* **WHAT YOU NEED TO DO**:
Report the lines of the material that carry the string "Acme".

───── SOURCE RECORDS

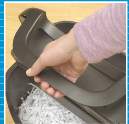
Easy empty bin.
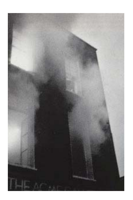
The Acme Gallery, 43 Shelton Street, Covent Garden, London after a Cripps performance. April/May 1978

David Toop Stephen Crippspyrotechnic sculptor-a mongraph published by Acme 1992 (1)
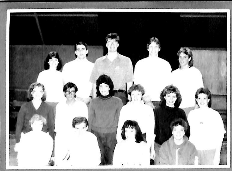
EK joins together for its final group picture.
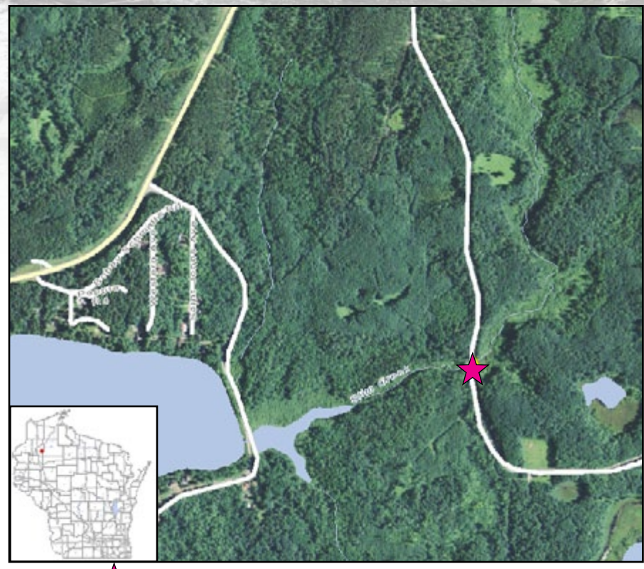
Map Legend - Sampling Location for 2015

──────────

* **FINISHED TASK**:
The Acme Gallery, 43 Shelton Street, Covent Garden, London after a Cripps performance. April/May 1978
David Toop Stephen Crippspyrotechnic sculptor-a mongraph published by Acme 1992 (1)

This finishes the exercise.